OCR-Text Plugin for SpamAssassin
8. Download and install the OCR plugin for SpamAssassin:
Now that you've got the underlying tools installed and working, you can download the OCR-Text Plugin for SpamAssassin. It's distributed as a patch file, but it's not really a patch. To install it, copy it to your SpamAssassin directory, wherever your local.cf file is located (e.g. /etc/mail/spamassassin) and extract it from the patch file:
cd /etc/mail/spamassassin patch < patch-ocrtext
This should produce two files: ocrtext.pm (the plugin itself) and ocrtext.cf (its configuration file).
9. Tell SpamAssassin to load the OCR-Text plugin
Add the following lines to your v310.pre file, so that the plugin gets loaded at startup:
# OCR - performs Optical Character Recognition on spam images # loadplugin ocrtext /etc/mail/spamassassin/ocrtext.pm loadplugin Mail::SpamAssassin::Timeout
Note that some binary packages of SpamAssassin don't seem to include the Timeout plugin, so if you don't have a Timeout.pm file in your SpamAssassin perl library you may need to download the full SpamAssassin source package for your version and copy the Timeout.pm file from it.

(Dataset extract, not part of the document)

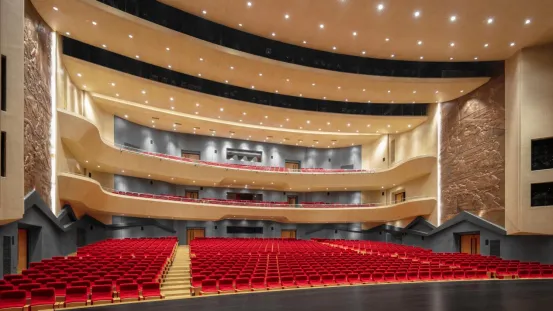 在追求标志性奇异造型蔚然成风的时代,本项目秉持了一种冷静而自信的设计哲学:摒弃高调张扬的自我表达,转而采用简约、精准、克制的设计手法。建筑的整体形态通过精炼的体块操作与清晰的逻辑构成,将大剧院、艺术馆、图书馆内部复杂各异的大空间需求与流线功能,无缝整合为一个完整、统一且有标志性的建筑形象。它不试图以突兀的形态主宰城市天际线,而是追求与城市街道、广场及周边建筑尺度达成和谐对话,从而高度融入城市空间结构。这种“融入”并非平庸,而是通过比例、材质、细节的极致推敲,展现一种高雅、经典、历经时间考验的建筑气质。它安静地传达其作为公共文化设施应有的庄重、开放与包容,让建筑的使用性质和内在文化精神通过自身的形态完整性与空间品质得以自然彰显,而非依赖视觉奇观。

10. Edit the plugin configuration
Edit the gocr_path and pnmtools_path at the top of the ocrtext.cf file, setting these paths to the appropriate values for your installation:
## This points to your gocr binary not just the path. Try 'which gocr'. gocr_path /usr/local/bin/gocr ## This is JUST the path to your pnm binarys ( i.e. pngtopnm, giftopnm, jpegtopnm ) pnmtools_path /usr/bin
11. Test the installation
Now you can verify that you've got all the paths set properly and that you have all of the necessary pieces in place. As your amavis/maia user, run:
spamassassin -D --lint
If everything is working properly, this shouldn't produce any errors, and in particular you should see something like:
... dbg: plugin: loading ocrtext from /etc/mail/spamassassin/ocrtext.pm dbg: plugin: registered ocrtext=HASH(0x9d72bf8) dbg: plugin: loading Mail::SpamAssassin::Timeout from @INC dbg: plugin: registered Mail::SpamAssassin::Timeout=HASH(0x9466430) ...

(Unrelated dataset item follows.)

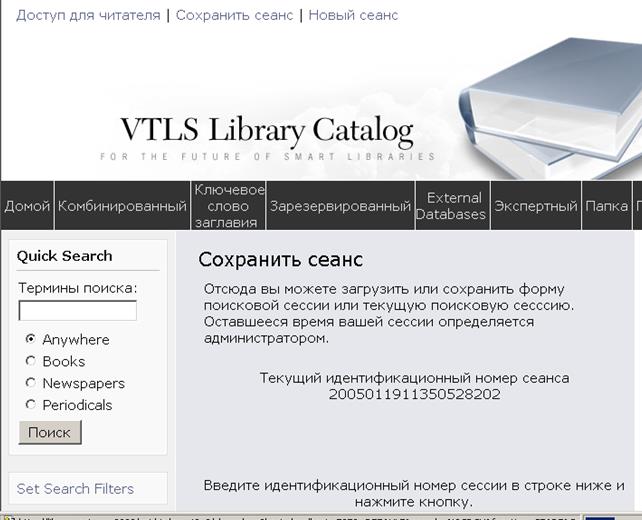 Электронный каталог Virtua позволяет сохранить сеанс (Историю поиска и содержимое Папки) для того, чтобы использовать результаты поиска в дальнейшем.

12. Tell Maia about the new rules
If everything is working properly, you'll want to run the load-sa-rules script to make sure that Maia discovers the new rules you just added (in the ocrtext.cf file). There should be 26 of them:
SPAMPIC_FORGED_CT Forged content-type in mime header SUSPECT_GIF Suspect gif image found SUSPECT_JPG Suspect jpeg image found SUSPECT_PNG Suspect png image found SPAMPIC_UNKNOWN_GIF Failed to read gif image header SPAMPIC_UNKNOWN_JPG Failed to read jpeg image header SPAMPIC_UNKNOWN_PNG Failed to read png image header NONSTD_GIF Non standard gif image header NONSTD_JPG Non standard jpeg image header NONSTD_PNG Non standard png image header SPAMPIC_BROKEN_GIF Contains damaged gif image SPAMPIC_BROKEN_JPG Contains damaged jpeg image SPAMPIC_BROKEN_PNG Contains damaged png image SPAMPIC_ALPHA_1 Image contains many alphanumeric chars SPAMPIC_ALPHA_2 Image contains many alphanumeric chars SPAMPIC_ALPHA_3 Image contains many alphanumeric chars SPAMPIC_MULTI_1 Contains inline pics (2) SPAMPIC_MULTI_2 Contains inline pics (3) SPAMPIC_MULTI_3 Contains inline pics (4) SPAMPIC_MULTI_4 Contains inline pics (5) SPAMPIC_MULTI_5 Contains inline pics (6) SPAMPIC_MULTI_6 Contains inline pics (7+) SPAMPIC_WORDS_1 Contains inline spam picture (1) SPAMPIC_WORDS_2 Contains inline spam picture (2) SPAMPIC_WORDS_3 Contains inline spam picture (3) SPAMPIC_WORDS_4 Contains inline spam picture (4+)
13. Restart amavisd-maia
Now you can restart amavisd-maia and start looking for these rules in your log files, and in Maia's mail viewer, once you begin receiving mail items that contain images with text in them. The processing time on such items will be a few seconds longer than usual, but mail items without images in them won't be affected, since the OCR-Text plugin won't be called in those cases.